Exercise description |
Would you print the records below word for word, without the pictures?

Records provided |
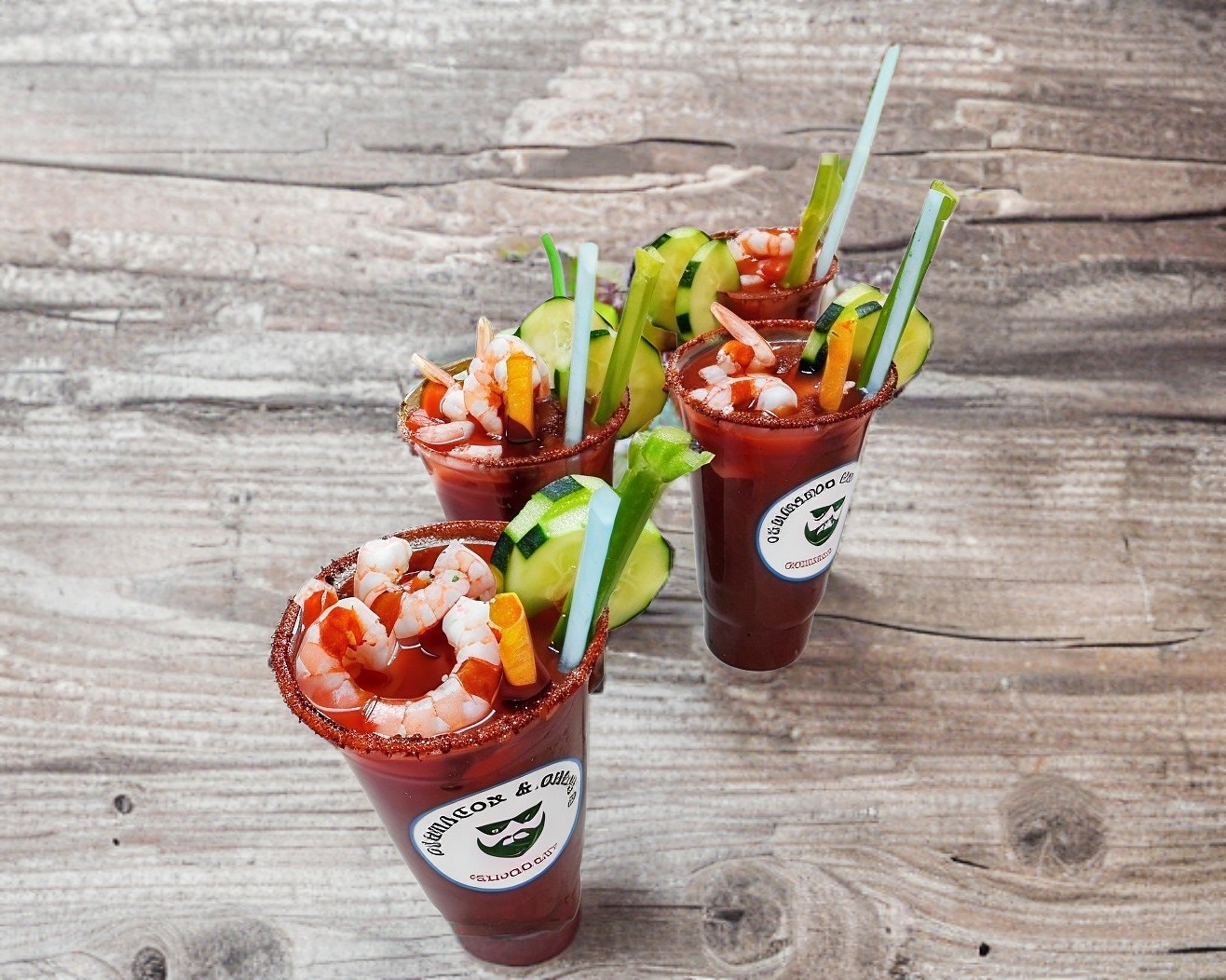 1 L de clamato preparado con camarón cocido en agua, lleva salsas de la casa, limón, sal, pimienta, pepino en rodaja, banderilla de tamarindo y apio.
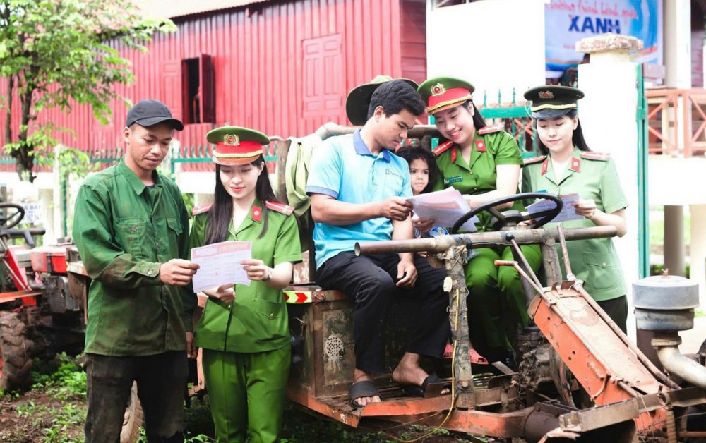 Thượng úy Hồ Ngọc Thiên Thư cùng đồng nghiệp tham gia tuyên truyền pháp luật trong chương trình "Hành quân xanh tại Buôn Dhă Prong, phường Buôn Ma Thuột |
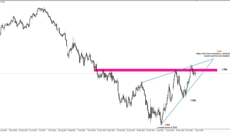 The pair on a major wide consolidation area, ranging between 1.52s and 1.60s level, as more of the major pair the ranging market which is expected to follow that correction. As shown on the chart; upward breakout of the 1.60s levels will create more demand for buying the sterling against the US dollar which would accelerate the move toward 1.65s levels.
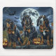 Entfesseln Sie den unheimlichen Geist mit diesem unheimlichen Halloween-Design, das eine Hundepackung unter einem dunklen, mondbeleuchteten Himmel bietet, umgeben von fliegenden Fledermäusen und glühenden Kürbissen. Ideal für diejenigen, die mit ihren wütenden Freunden eine Touch voller Furcht Liebe haben!
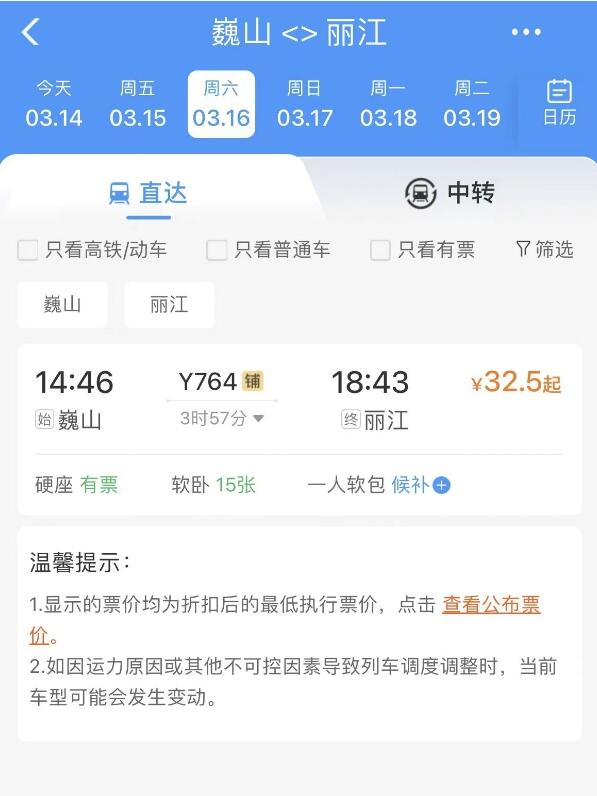 據悉,整個運行時間最快為3小時57分鐘,票價為32.5元。此次運行的車輛為雙層車,是之前刷爆朋友圈的“網紅”列車。
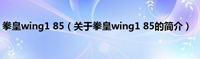 本文關于拳皇wing1 85的簡介就講解完畢,希望對大家有所幫助。
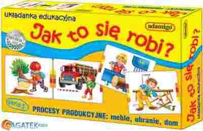 W zestawie znajduje się 15 plakietek z rysunkami 3 cykli produkcyjnych. Aby ułożyć pięć plakietek w proces produkcyjny, trzeba najpierw zadać trochę pytań dorosłym. Sprawdzisz sam, czy ułożyłeś właściwie, dzięki barwnym znakom na bokach plakietek. Powodzenia.
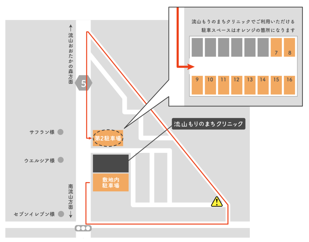 敷地内駐車場へのご案内ですので左折しないようご注意ください。
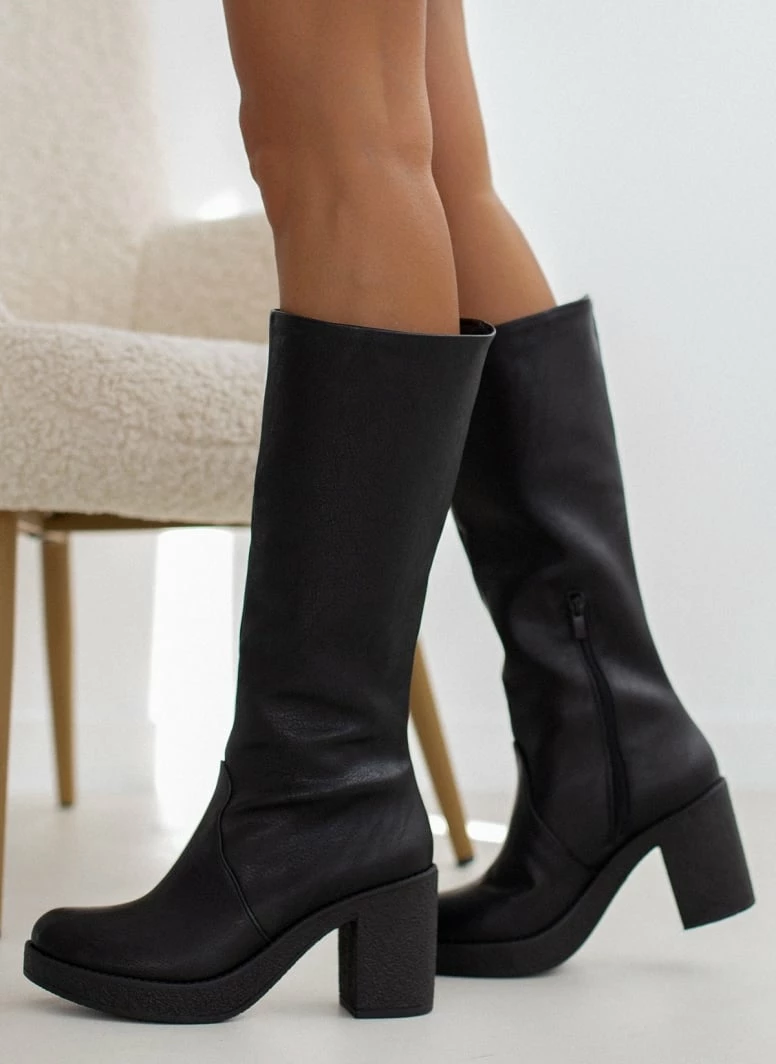 Μπότες suede με κρεπ σόλα και τακούνι. Σρογγυλή γραμμή. Ελληνικής κατασκευής.

Exercise output |
 1 L de clamato preparado con camarón cocido en agua, lleva salsas de la casa, limón, sal, pimienta, pepino en rodaja, banderilla de tamarindo y apio.
 Thượng úy Hồ Ngọc Thiên Thư cùng đồng nghiệp tham gia tuyên truyền pháp luật trong chương trình "Hành quân xanh tại Buôn Dhă Prong, phường Buôn Ma Thuột |
 The pair on a major wide consolidation area, ranging between 1.52s and 1.60s level, as more of the major pair the ranging market which is expected to follow that correction. As shown on the chart; upward breakout of the 1.60s levels will create more demand for buying the sterling against the US dollar which would accelerate the move toward 1.65s levels.
 Entfesseln Sie den unheimlichen Geist mit diesem unheimlichen Halloween-Design, das eine Hundepackung unter einem dunklen, mondbeleuchteten Himmel bietet, umgeben von fliegenden Fledermäusen und glühenden Kürbissen. Ideal für diejenigen, die mit ihren wütenden Freunden eine Touch voller Furcht Liebe haben!
 據悉,整個運行時間最快為3小時57分鐘,票價為32.5元。此次運行的車輛為雙層車,是之前刷爆朋友圈的“網紅”列車。
 本文關于拳皇wing1 85的簡介就講解完畢,希望對大家有所幫助。
 W zestawie znajduje się 15 plakietek z rysunkami 3 cykli produkcyjnych. Aby ułożyć pięć plakietek w proces produkcyjny, trzeba najpierw zadać trochę pytań dorosłym. Sprawdzisz sam, czy ułożyłeś właściwie, dzięki barwnym znakom na bokach plakietek. Powodzenia.
 敷地内駐車場へのご案内ですので左折しないようご注意ください。
 Μπότες suede με κρεπ σόλα και τακούνι. Σρογγυλή γραμμή. Ελληνικής κατασκευής.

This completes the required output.